Lethe, Pirius thought. To have come all this way and to fail, here… He held the ship steady on its course. “Do your best.”

“Yes, sir.”

Cherry-red light flooded Pirius’s cockpit.

“They found us!” Cabel yelled.

He was right; the ship was about to be triangulated by two, three, four starbreakers. Pirius snapped, “I need an answer, Navigator!”

“Now!” Bilson screamed.

“Engineer! Fire!”

Cabel didn’t acknowledge, but Pirius felt the shudder, familiar from training, as the cannon was fired, and twin point black holes shot out of the heavy muzzles mounted on the greenship’s main hull.

Once the shells were away Pirius relaxed his grip on the manual controls. The ship lifted itself up and away, twisting to evade attack, its CTC processor enabling it to respond faster than any human reaction. The cherry-red starbreaker glow dissipated.

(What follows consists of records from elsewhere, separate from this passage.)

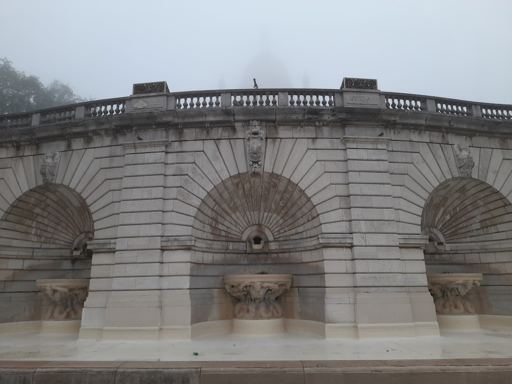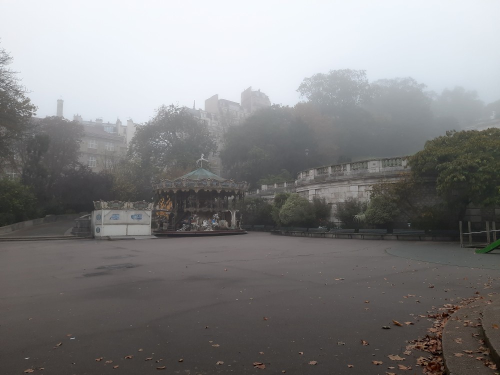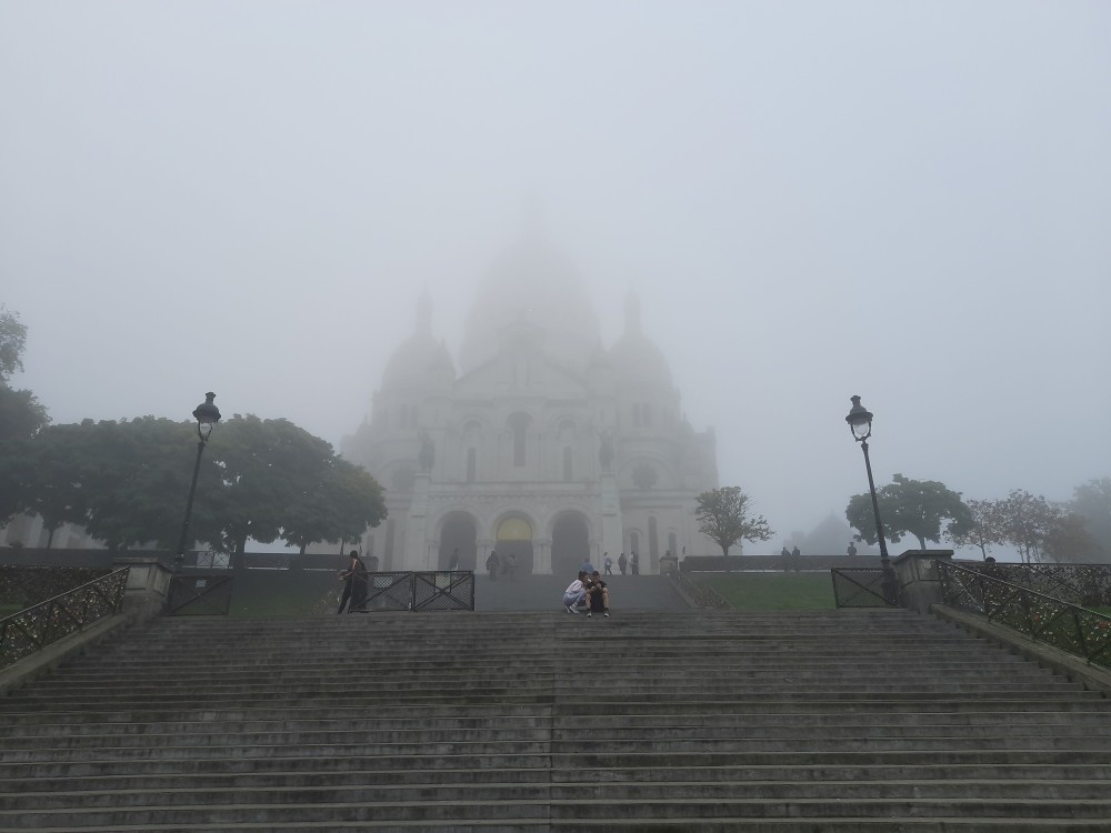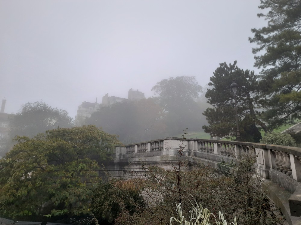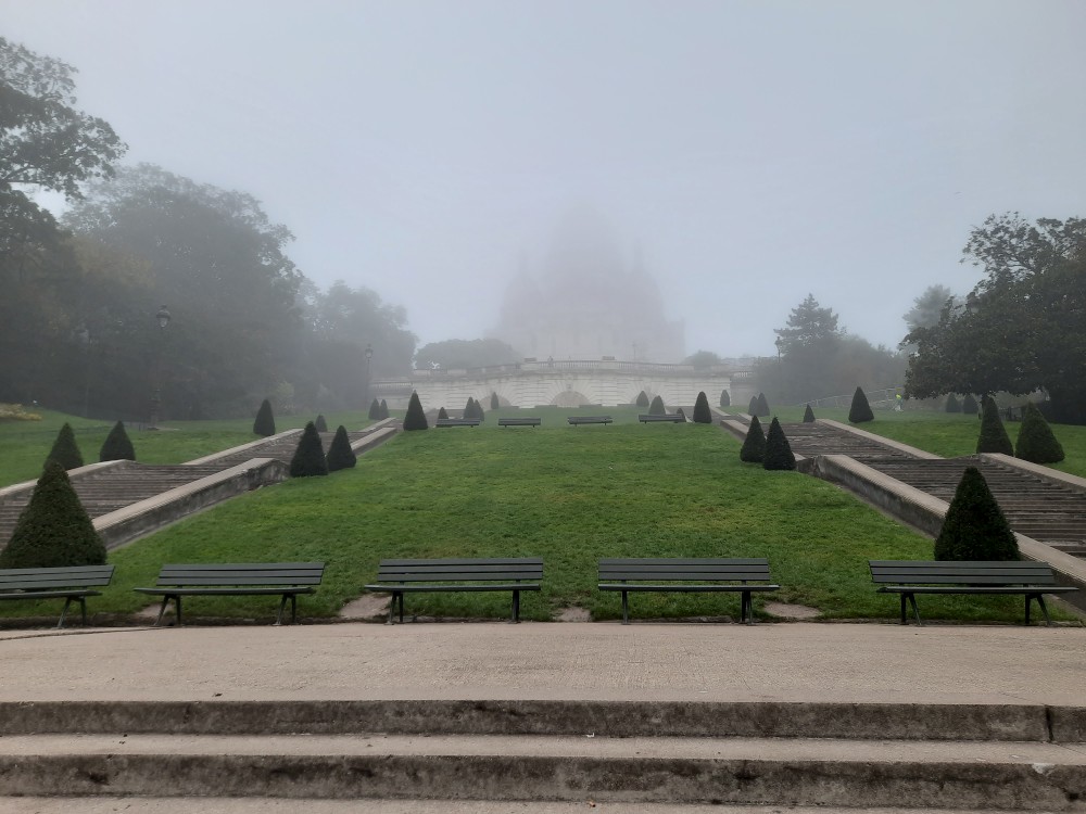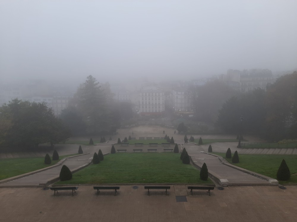 Dnes letíme domů a již dopoledne musíme vyrazit na letiště. Už tedy nepojedeme do města, ale po snídani se jdeme za světla projít na Montmartre. Jdeme se podívat do zahrad Louise-Michel, které zrovna otevírají, takže jsme dnes první návštěvníci. Stopáme po schodech zadradou k Sacre Coeur, který se nad námi halí v mlze. Prší.
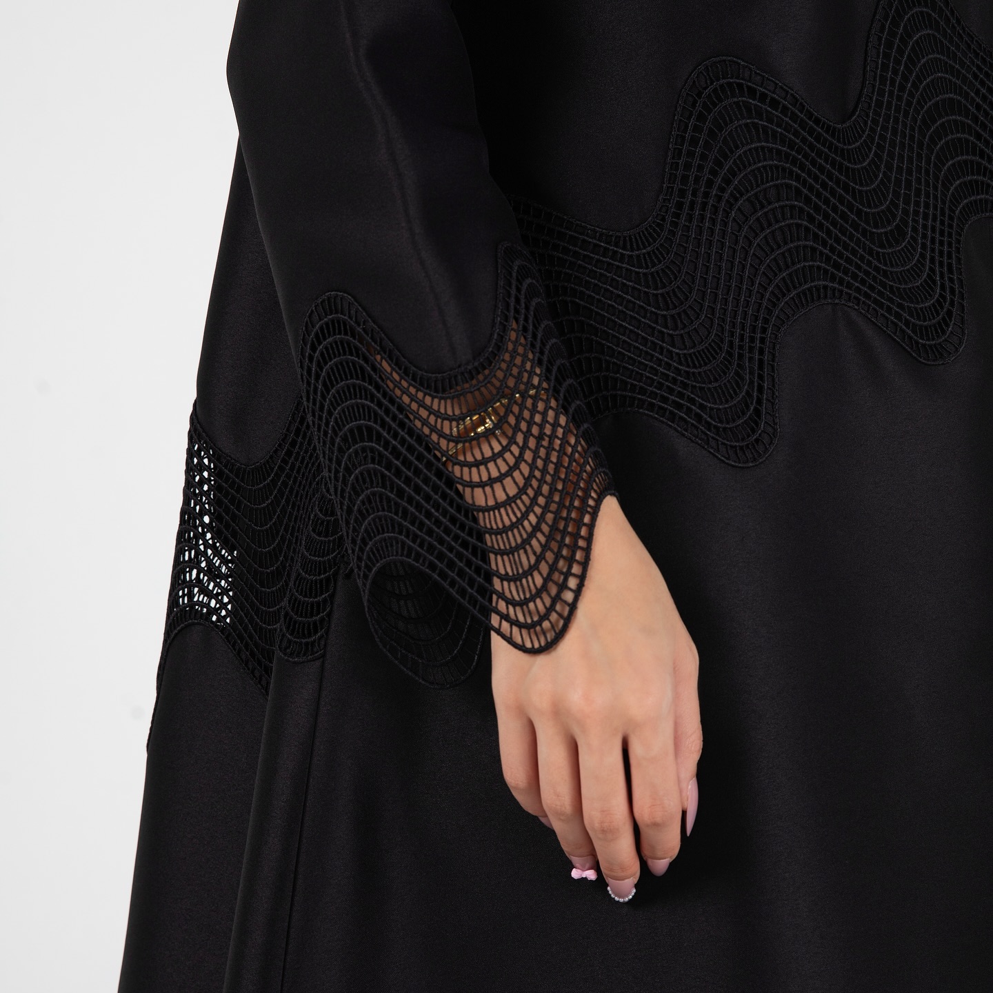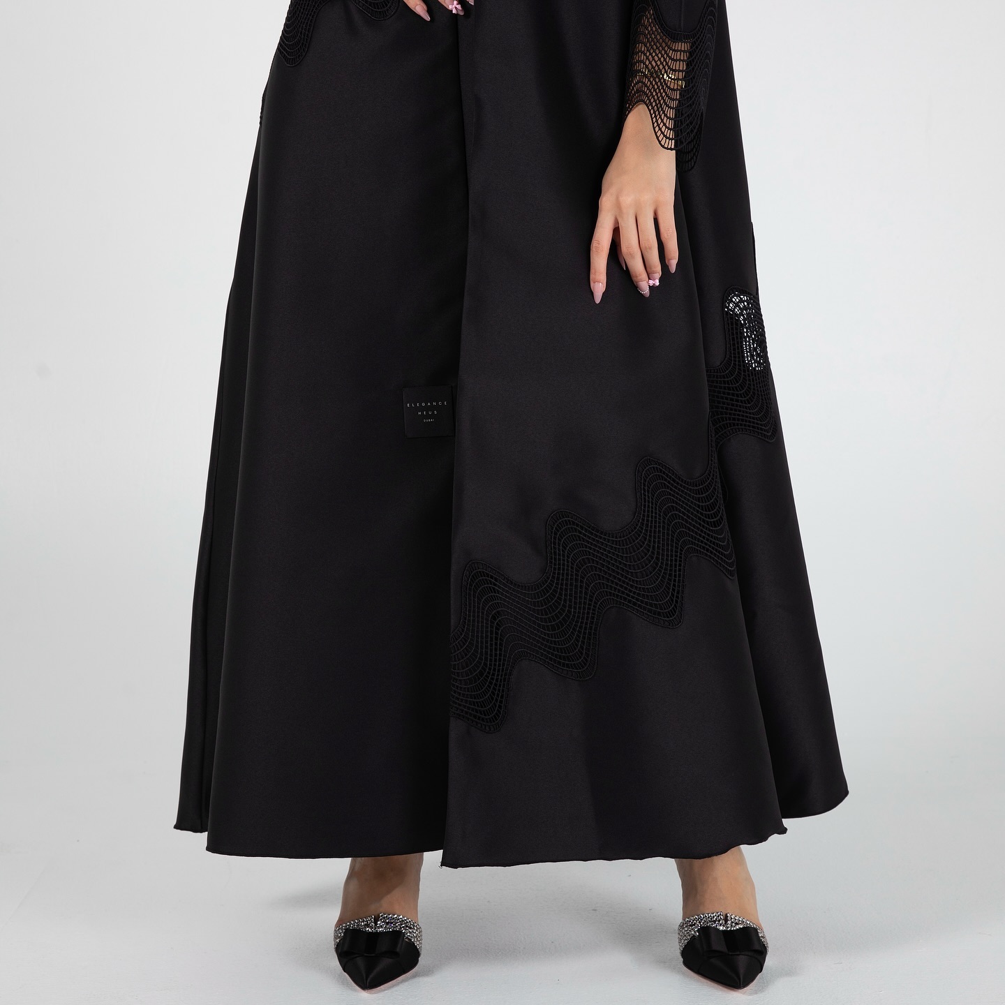عباية A03 من Elegance Heus تجمع بين البساطة والأناقة بتطريز موجي ناعم على الأطراف. تصميم أسود كلاسيكي بخامة فاخرة، يمنحك حضورًا هادئًا ومتوازنًا في الطلعات اليومية والمناسبات الراقية. تفرّدي بذوقك الرفيع.
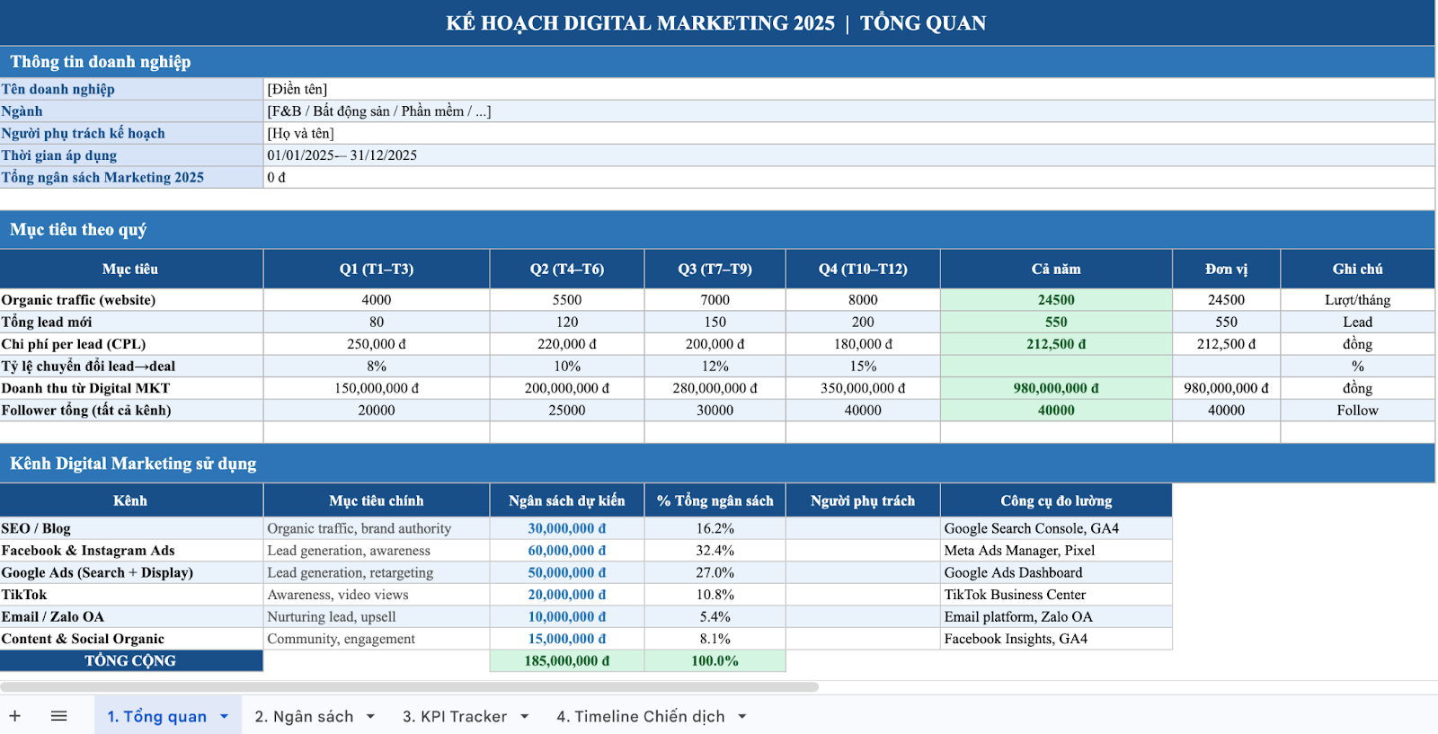 Mẫu kế hoạch digital marketing tổng thể theo năm thường được sử dụng khi doanh nghiệp lập kế hoạch đầu năm và cần định hướng chiến lược cho 12 tháng tiếp theo. Kế hoạch này bao gồm mục tiêu marketing theo từng quý, tổng ngân sách dự kiến và cách phân bổ ngân sách theo từng kênh. Bên cạnh đó, mẫu kế hoạch cũng cần xác định bộ KPI cho cả năm và xây dựng timeline cho các chiến dịch lớn.

Pirius lay back and sucked in a deep breath. Still alive.

The greenship shuddered, as if it were a toy boat bobbing on a bathtub.

“That was the detonation,” Cabel said.

Bilson was silent for a few seconds, gathering data. Then he said, “No damage. The weapon worked, but we must have missed the horizon.”

Pirius felt a heavy despair descend. “All right,” he said. “Keep gathering data. Maybe we can figure this out yet.”